I used to have so many friends before SzA. I used to see people all the time. Then SzA happened and I stopped seeing people so regularly even though we went to the same college. Now I feel like all I don’t get phone calls or hang out requests from old friends because of that period of 4 years I was untreated that I was very distant. Pity I really wish I had consistent friends now a days. I really need some socializing.
I feel exactly the same. I am in the same situation as you are.
Sza isolates me too.
there was a group of us that hung with some older guys but it was ok, we got on well and we all went to a friends house to play tekken and that, the guy came on to me once but i did not reciprocate, he was ok though.
i got unwell about this time and then we all drifted apart due to leaving school and work etc.
My diagnosis was recent (4 years) so I kinda stopped calling my friends a couple years back. Trying now to reconnect with them.
i dont think i will ever reconnect with my friends from that time and tbh i dont really care, i have made new friends and they mean a lot to me
I had mostly drifted away from old friends pre-sz because I had quit drinking and all of my friend still drank a lot and were a threat to me. I really had no friends left to lose at that point. Later on, I realized that the people I drifted away from weren’t really friends anyhow as true friends would have supported me in quitting drinking, not tried to pull me back into the world of booze and bars.
It bothered me then, but not today.
Yes, I did. I had a nice group of friends. There is only one friend (or befriended couple) left from before my becoming ill now.

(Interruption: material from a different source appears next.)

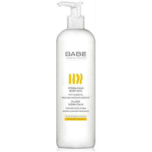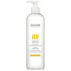 Увлажняющее молочко для тела - Babe Laboratorios Hydra-Calm Body Milk (500 ml). Увлажняющее молочко для тела с маслом жожоба для моментального комфорта. Тщательно ухаживать нужно не только за кожей лица, но и тела. Также важно подобрать качественное, эффективное и, что немало важное, безопасное средство для кожного покрова. Именно такой продукт предлагает косметический бренд из Испании Babe Laboratorios. Молочко для тела с эффектом увлажнения отличным образом будет ухаживать за кожей, делая ее красивой и здоровой. Формула Hydra-Calm Body Milk содержит ценные ингредиенты, хорошо увлажняющие и питающие кожу полезными веществами. Масло жожоба отлично стимулирует регенерацию клеток, делая кожу более бархатистой и шелковистой. Оно проникает в глубокие слои кожи, обволакивая ее пленкой, которая защищает от потери ценной влаги и предотвращает сухость и различные шелушения кожи. Сок алоэ имеет мощный увлажняющий эффект, что позволяет коже быть эластичной и невероятно гладкой на ощупь. Ромашка помогает отлично заживить мелкие ранки, делает кожу более мягкой и нежной. Продукт легко наносится и быстро впитывается, даря вам чувство неимоверного комфорта и защищенности. Активные компоненты: глицерин, увлажняющий комплекс ваве (алоэ, ромашка, аллантоин), масло жожоба. Способ применения: наносить легкими массажными движениями на кожу, использовать после каждого приема ванны или душа.

I have been really sad about that… my best friend of before that time, with whom I shared a lot, even lived together for a while, quit contacting me because our friendship was no longer equal. I was sick and needed care, couldn’t be a fun and involved friend anymore. I understand I couldn’t give much in our friendship at that time, because I was only surviving, but still it disappointed me that such a close friend - she was even the first to know I was pregnant, before the father of my child - dumped me because of being ill.
Right now I have got only a few friends and mostly new ones made during my ill years. They were unjudgemental enough to connect and stick with me through hardship. Some of them have got their own troubles too, e.g. one friend is bipolar, so they understand better.
But still sad about the friends I lost. I wish I had more close friends. I’m Always a little jealous of people who are still having the friends that they got to know early in life.